(Task instructions): With pictures excluded, copy word for word the lines in the data below from the line containing "- Дізнайтеся у" through the line containing "Die frisch restaurierte".
[Opening The records section]
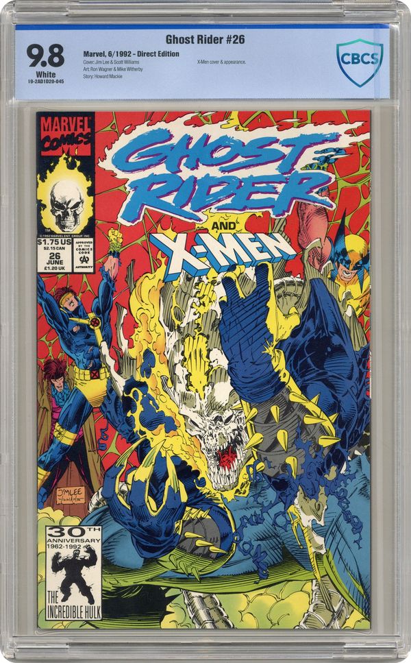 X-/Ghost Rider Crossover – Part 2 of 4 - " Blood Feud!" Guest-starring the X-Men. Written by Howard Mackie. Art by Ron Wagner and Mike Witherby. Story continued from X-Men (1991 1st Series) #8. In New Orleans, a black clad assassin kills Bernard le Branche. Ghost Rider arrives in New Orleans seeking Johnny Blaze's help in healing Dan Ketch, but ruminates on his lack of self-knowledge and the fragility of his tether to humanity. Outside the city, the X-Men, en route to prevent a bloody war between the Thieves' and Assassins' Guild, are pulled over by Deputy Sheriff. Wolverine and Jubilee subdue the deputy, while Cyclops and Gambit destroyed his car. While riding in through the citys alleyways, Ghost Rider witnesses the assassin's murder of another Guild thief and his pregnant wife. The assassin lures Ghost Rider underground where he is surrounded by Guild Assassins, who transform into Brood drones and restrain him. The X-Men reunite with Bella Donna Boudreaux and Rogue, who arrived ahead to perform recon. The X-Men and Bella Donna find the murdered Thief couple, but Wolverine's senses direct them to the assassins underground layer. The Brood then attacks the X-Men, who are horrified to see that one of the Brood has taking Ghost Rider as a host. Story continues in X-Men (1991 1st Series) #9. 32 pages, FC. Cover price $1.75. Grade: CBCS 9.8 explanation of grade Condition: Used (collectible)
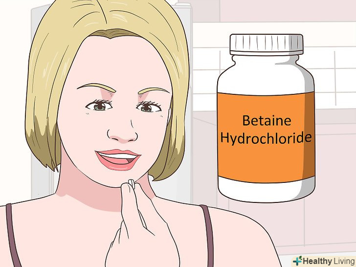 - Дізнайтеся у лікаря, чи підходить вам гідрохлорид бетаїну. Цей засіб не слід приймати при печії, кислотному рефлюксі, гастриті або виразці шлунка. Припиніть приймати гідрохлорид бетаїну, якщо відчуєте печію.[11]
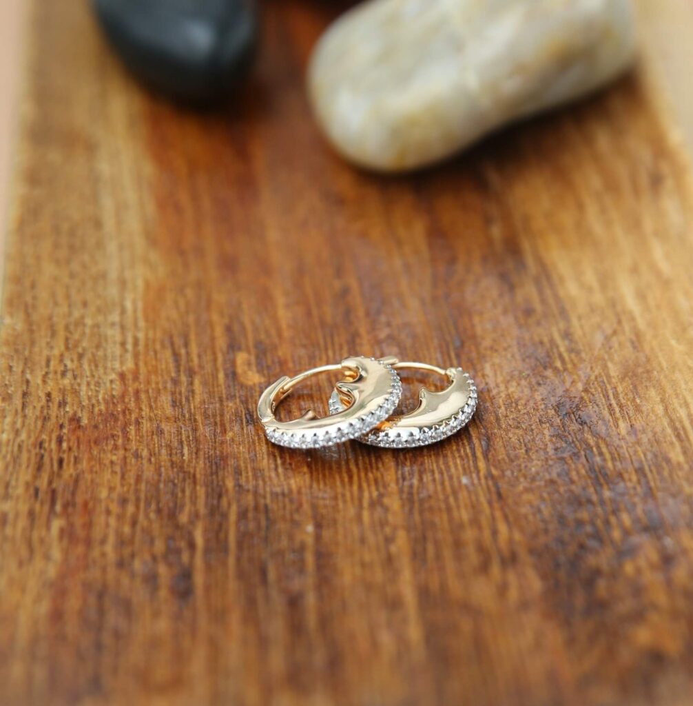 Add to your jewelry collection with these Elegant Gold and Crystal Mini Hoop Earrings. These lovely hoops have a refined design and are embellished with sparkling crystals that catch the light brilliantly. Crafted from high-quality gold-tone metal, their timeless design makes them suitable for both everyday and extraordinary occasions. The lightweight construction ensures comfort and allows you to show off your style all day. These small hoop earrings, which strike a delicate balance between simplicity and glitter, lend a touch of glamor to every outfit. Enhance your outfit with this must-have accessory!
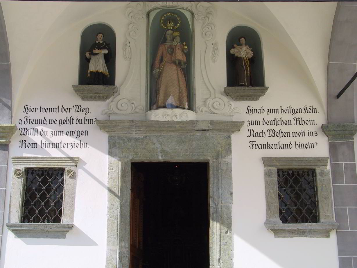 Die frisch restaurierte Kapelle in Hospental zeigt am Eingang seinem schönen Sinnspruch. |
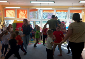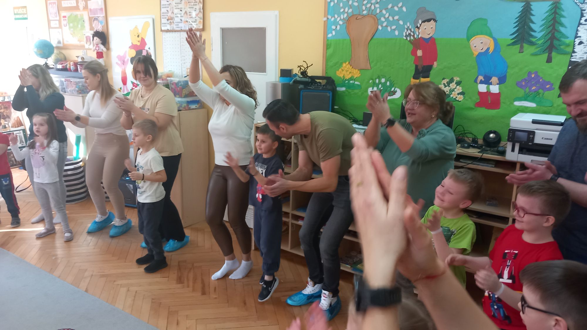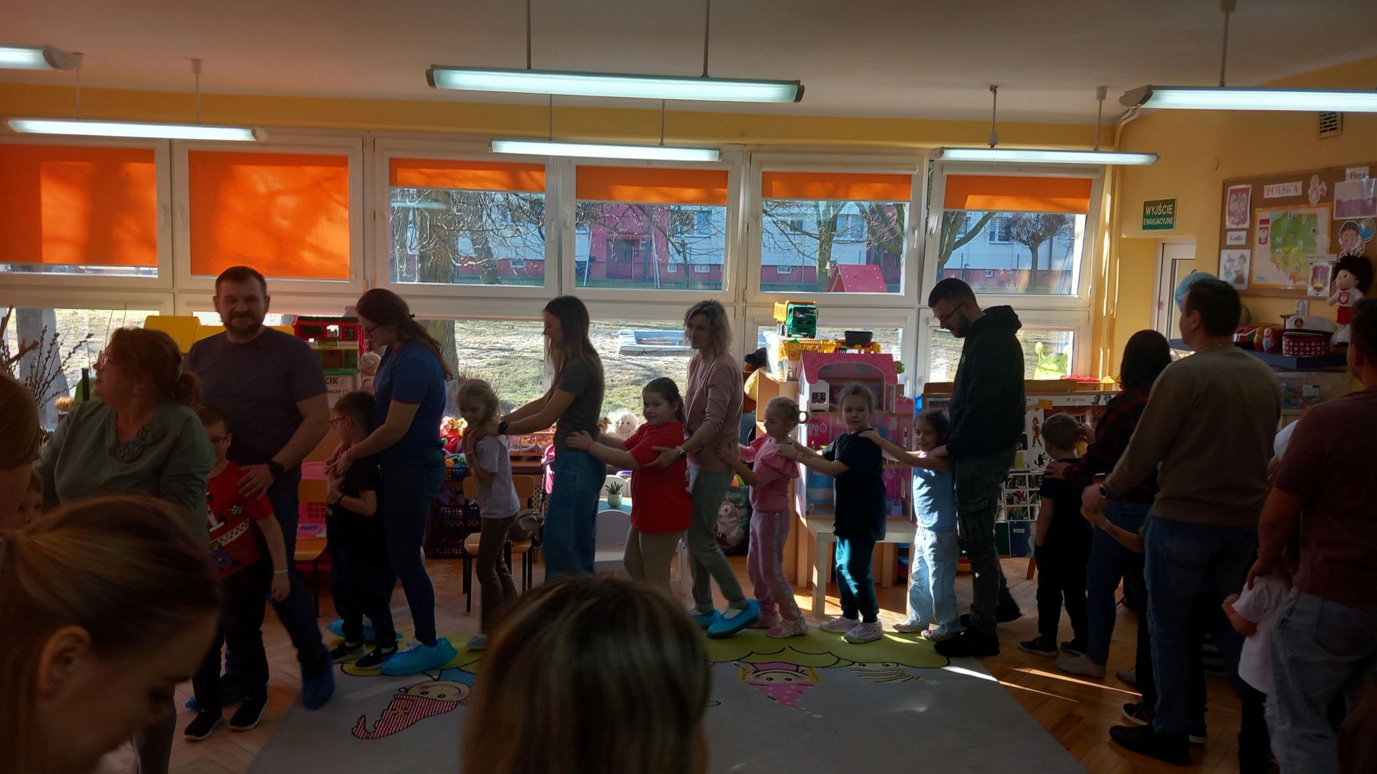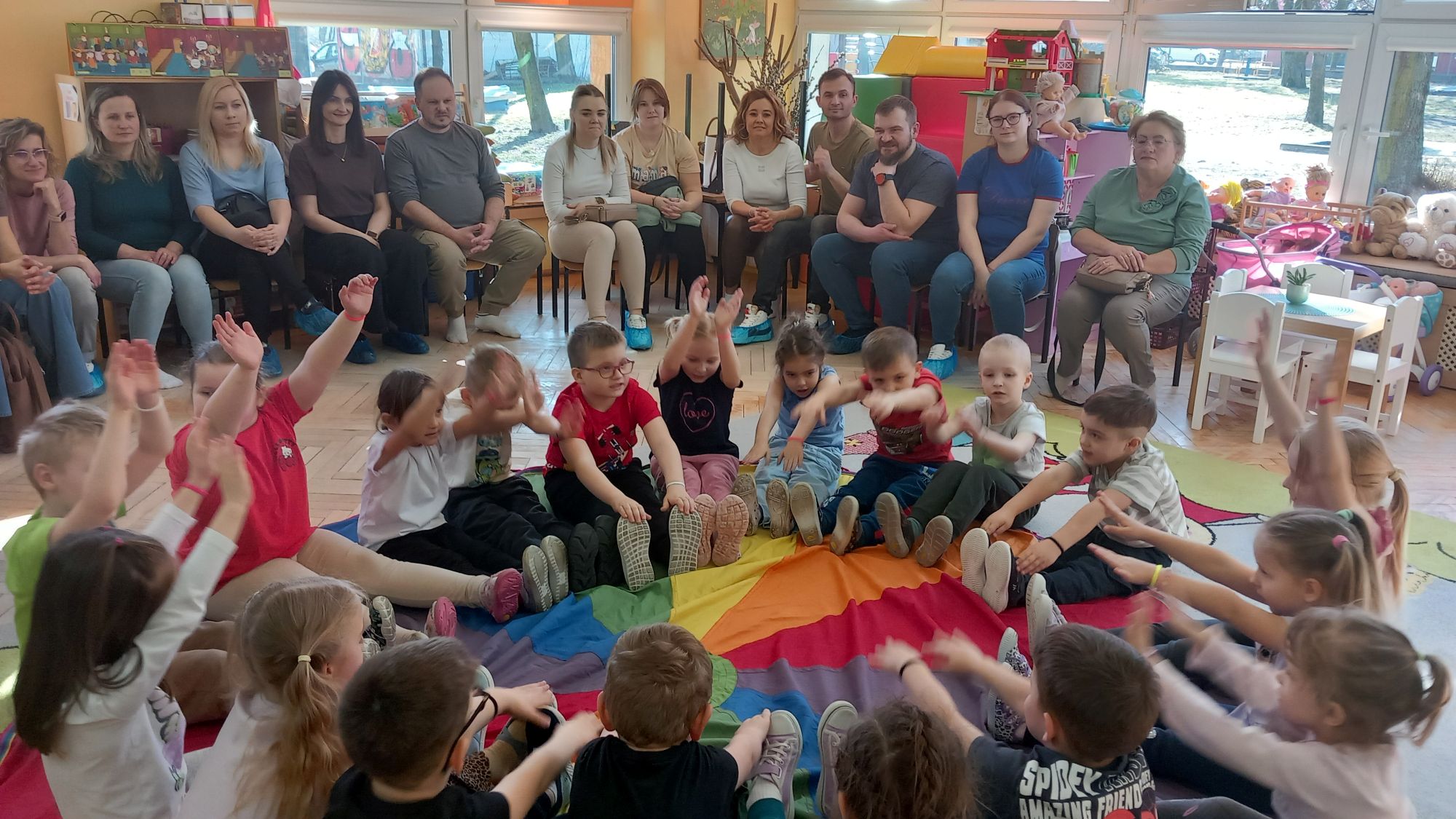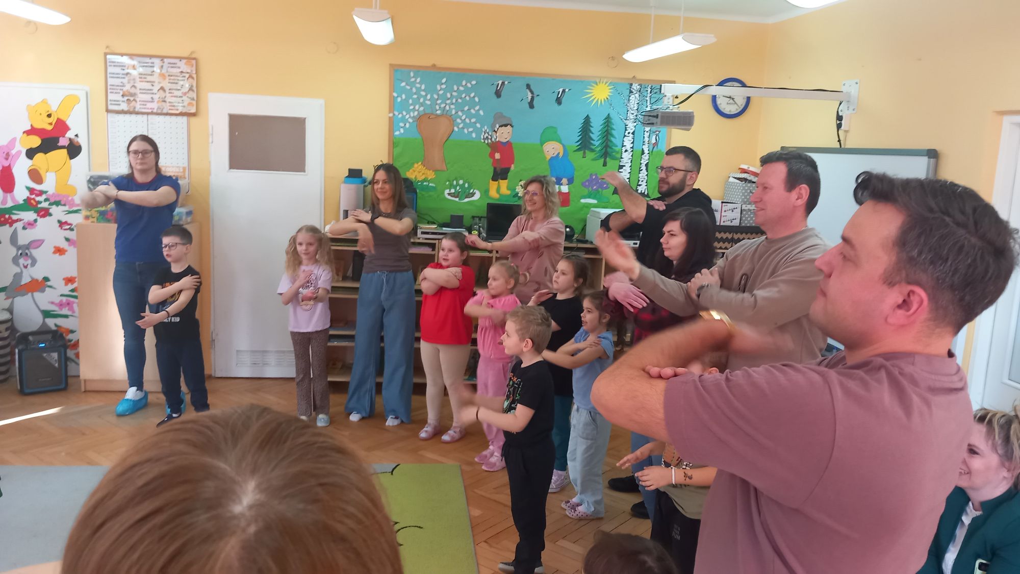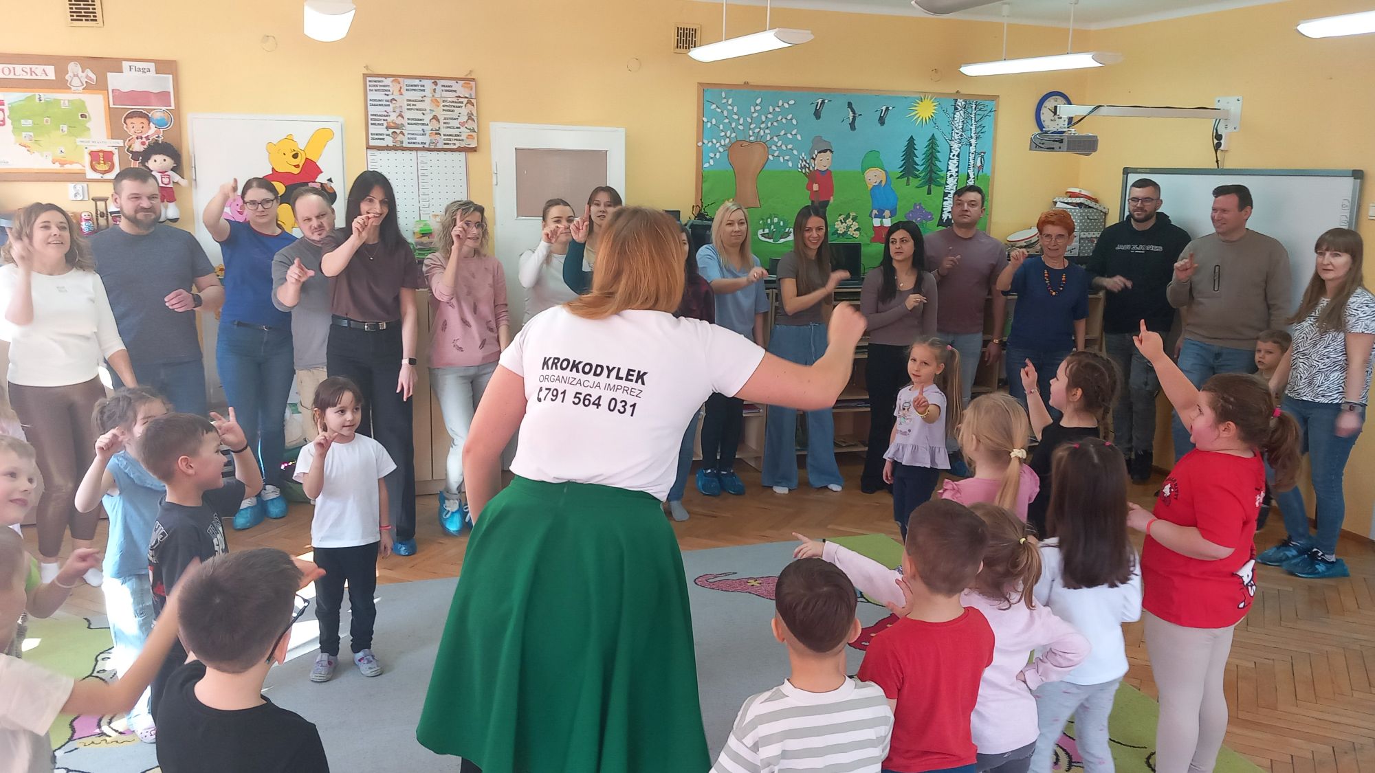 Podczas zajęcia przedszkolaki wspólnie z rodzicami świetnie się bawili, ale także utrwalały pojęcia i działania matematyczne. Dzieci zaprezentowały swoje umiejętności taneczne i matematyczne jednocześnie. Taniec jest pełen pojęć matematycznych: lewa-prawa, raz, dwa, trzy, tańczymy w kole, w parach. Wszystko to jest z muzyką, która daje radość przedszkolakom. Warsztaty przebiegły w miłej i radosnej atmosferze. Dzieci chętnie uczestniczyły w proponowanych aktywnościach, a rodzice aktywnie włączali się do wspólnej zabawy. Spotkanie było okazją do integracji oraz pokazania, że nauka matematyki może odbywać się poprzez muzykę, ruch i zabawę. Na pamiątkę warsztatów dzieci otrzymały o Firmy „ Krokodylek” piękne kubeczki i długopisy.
[Closing The records section]
(Result of this task):
 - Дізнайтеся у лікаря, чи підходить вам гідрохлорид бетаїну. Цей засіб не слід приймати при печії, кислотному рефлюксі, гастриті або виразці шлунка. Припиніть приймати гідрохлорид бетаїну, якщо відчуєте печію.[11]
 Add to your jewelry collection with these Elegant Gold and Crystal Mini Hoop Earrings. These lovely hoops have a refined design and are embellished with sparkling crystals that catch the light brilliantly. Crafted from high-quality gold-tone metal, their timeless design makes them suitable for both everyday and extraordinary occasions. The lightweight construction ensures comfort and allows you to show off your style all day. These small hoop earrings, which strike a delicate balance between simplicity and glitter, lend a touch of glamor to every outfit. Enhance your outfit with this must-have accessory!
 Die frisch restaurierte Kapelle in Hospental zeigt am Eingang seinem schönen Sinnspruch. |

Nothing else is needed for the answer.